Belarus group claims to have blown up an advanced Russian military aircraft, highlighting tensions within one of Putin's closest allies

Russian President Vladimir Putin, right, and Belarusian President Alexander Lukashenko shake hands during their meeting at the Novo-Ogaryovo state residence, outside Moscow, Russia, Friday, Feb. 17, 2023
Russian President Vladimir Putin and Belarusian President Alexander Lukashenko at the Novo-Ogaryovo state residence, outside Moscow, Russia, February 17, 2023.Vladimir Astapkovich, Sputnik, Kremlin Pool Photo via AP
  • Opposition activists in Belarus said they destroyed a Russian military aircraft near Minsk.

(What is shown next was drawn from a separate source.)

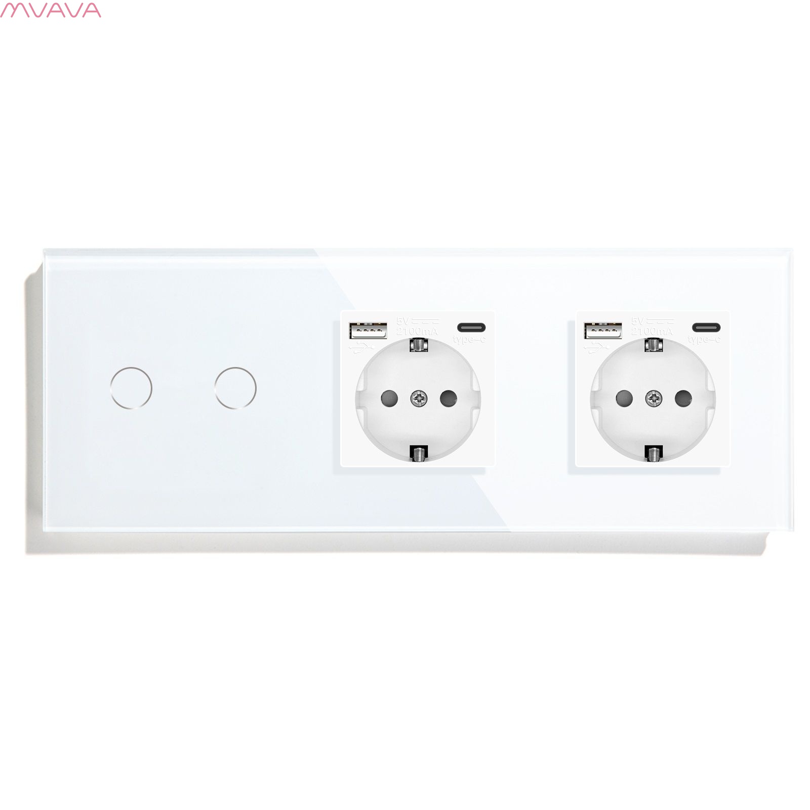 - Сенсорный выключатель с двумя розетками евростандарта предназначен для управления двумя линиями освещения и подключение нагрузки к двум розетке до 3500 ватт на каждую. Представляет собой сенсорный выключатель с двумя USB розетками объединенные под одной стеклянной панелью. Для включения и выключения света вместо нажатия на механическую клавишу производится прикосновение к сенсорной зоне выключателя.

  • The head of a group opposing Belarus' dictator said those behind the attack escaped the country.

  • Belarus is Russia's closest European ally, and has aided in its invasion of Ukraine.

Belarus opposition figures said on Monday that they had damaged a Russian military jet that was parked in their country, an unexpected attack within Russia's closest European ally.

The head of Belarusian opposition group BYPOL took responsibility for the attack, with its leader, Aliksandr Azarov, saying on Telegram that it was accomplished using drones. "Those were drones. The participants of the operation are Belarusian," he wrote, according to Reuters.

BYPOL is a group of current and former law enforcement officers who oppose the government led by President Alexander Lukashenko. Lukashenko has been in power since 1994 and is known as "Europe's last dictator."

Azarov said that the people responsible for the attack "are now safe, outside the country."

He told Polish news outlet Belsat, which is aimed at Belarusian citizens, that the operation had been planned for months. The group bought n0n-combat drones that were then reworked for the attack, he said.

The attack, and who is behind it, has not been independently verified.

According to BYPOL, the attack took place on a Russian A-50 surveillance aircraft, which was located at the Machulishchi military airfield near Minsk. The A-50 is an early warning aircraft with command and control capabilities and the ability to track up to 60 targets at a time, according to Reuters.

The group said the plane was so damaged that it would not be able to fly.

Franak Viacorka, an adviser to exiled Belarusian opposition leader Sviatlana Tsikhanouskaya, told the BBC that the attack was "creative" and "sophisticated".

"It was very brave because Belarusians are in a situation of the total terror," he said.

Viacorka added on Twitter that the base where the attack happened "was being actively used by Russian army for air attacks on Ukraine."

Belarus has supported Russia's invasion of Ukraine, allowing Russian troops to use the country as a transit point. Russian ballistic missiles have also been launched into Ukraine from Belarus' territory.

Ukraine has repeatedly expressed fears that Belarusian troops will enter the conflict on the side of Russia.

Lukashenko said earlier this month that he will not send soldiers to fight in Ukraine unless his country was attacked, with some officials suggesting he made the promise out of fear of domestic backlash if he became more involved in the war.

The president has faced stronger domestic opposition in recent years, including in 2020 when hundreds of thousands protested the result of a presidential election, when Lukashenko claimed victory but many viewed the result as fraudulent.

Lukashenko's response was to detain thousands of people and launch a brutal crack down on media freedom and human rights organizations in the country. Since then, he has relied even more heavily on Putin for support.